To prove the significance of more advanced replating rounds for the detection of cells with stem cell capacity, we performed a CFU-S assay with the CFC from the fourth plating in the absence or presence of ATRA. As shown in Figure 2B, this did not produce visible CFU-S on the spleen surface, but histologically detectable cell formations were present, independently of the exposure to ATRA (Figure 2B). The same results were obtained with PLZF/RARα-positive CFC derived from the fourth plating (Figure 2B). The presence of the fusion transcripts was confirmed by RT-PCR in all experiments (data not shown). Taken together, these data show that SL cells expressing APL-associated fusion proteins maintain their stem cell capacity even in the presence of ATRA, as demonstrated by their unaltered capacity to engraft in vivo.
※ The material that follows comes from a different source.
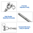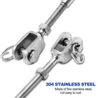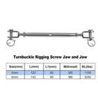【Package Includes】 -- 2PCS x M5 Jaw and Jaw Turnbuckle. Total Length: 137mm/5.4". Breaking Load: 1100lbs. 【Premium Material】-- Jaw turnbuckle is made of premium stainless steel, highly resistant to oxidation, rust free and wear resistant. 【Function】 -- Each end has open jaw with pin and safety wire for easy,secure connections. For fastening and binding rope. Simply take out the clevis pin from the rigging screw fork by removing the split ring. 【Application】 -- Jaws on each end allow easy connection to eyes with a clevis pin and cotter pin. Ideal for marine and industrial use, can also be used for recreational activities like zip lining Product Description Feature Closed body rigging screws with a Jaw and Jaw or Fork and Fork, superior rust resistance. Hot dipped hex turnbuckle body with clevis jaws at each end to provide full wrench bearings. Helps tension anything from rope to steel cable. Feature Suitable for tighten taut rope, and regulate the elastic effect. Made of 304 stainless steel, durable, high quality and waterproof. Polished oxidation-resistant layer, burr-free & smooth, waterproof & weatherproof work. Suitable for stage lighting safe rope, tent rope, corridor rope, clotheslines, hanging rope, paint exhibition display, etc. Turnbuckles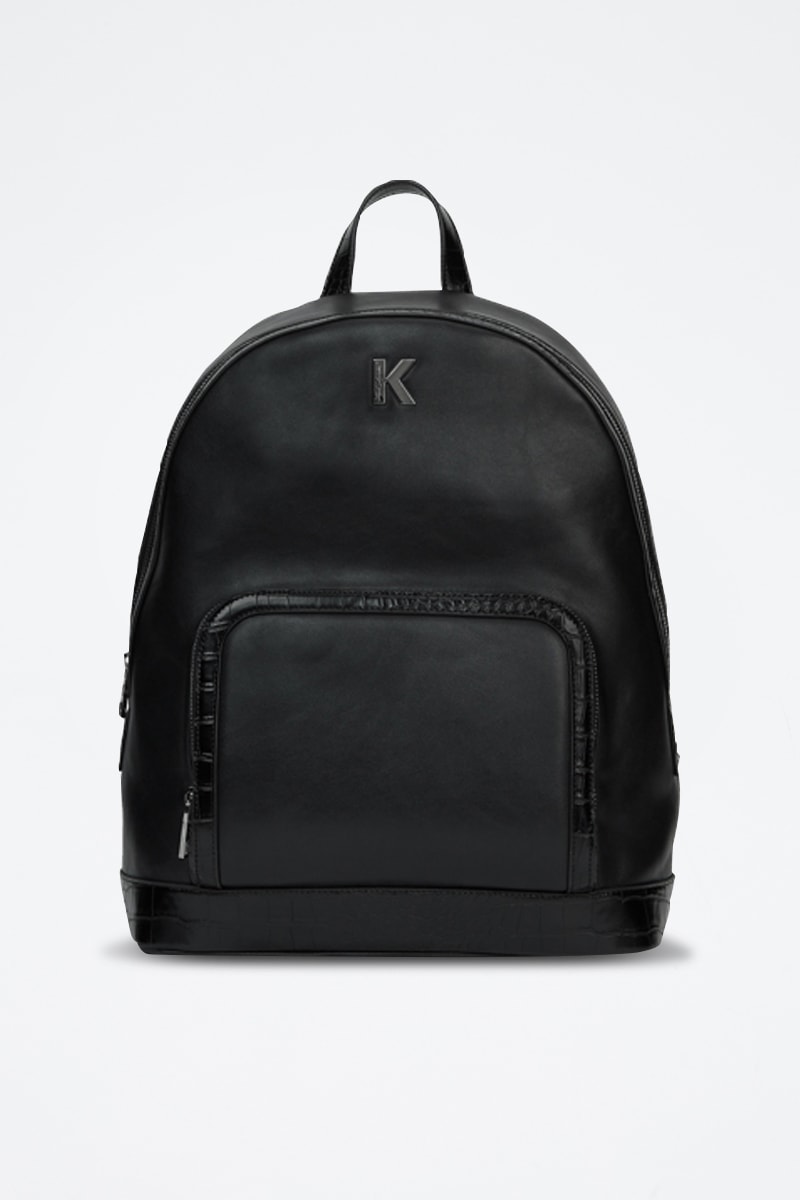 Poche zippée, empiècement effet croco et logo métallique devant.

As2O3 but not ATRA abrogates the clonogenicity of mononuclear cells derived from PML/RARα-positive murine APL

Like ATRA, As2O3 has a tumor cell-specific activity in APL.20 However, it is able to induce CMR, which is associated with a high rate of long-term relapse-free survival.8 Based on our findings that ATRA increased the self-renewal of PML/RARα-positive HSC we addressed the question of whether these differences in long-term outcome are related to a different effect on the stem cell capacity of the LSC in APL. Blasts from APL patients do not give origin to CFU in the commonly used semi-solid media. We, therefore, investigated the effects of ATRA and As2O3 on the CFU-potential of PML/RARα-positive mononuclear bone marrow cells (MNBMC) derived from an APL mouse. The tumor burden was about 90% of the cells, as revealed by FACS analysis (data not shown). Given the fact that the CFU-potential in MNBMC is at least ten times lower than that of Sca1/lin cells, we plated 5×10/mL in a semi-solid medium in the absence or presence of 1 μM ATRA or 2μM As2O3. As shown in Figure 3, in contrast to ATRA, As2O3 abolished the CFU-potential of the PML/RARα-positive MNBMC. These findings indicate that As2O3 and ATRA exert different effects on the PML/RARα-positive LSC.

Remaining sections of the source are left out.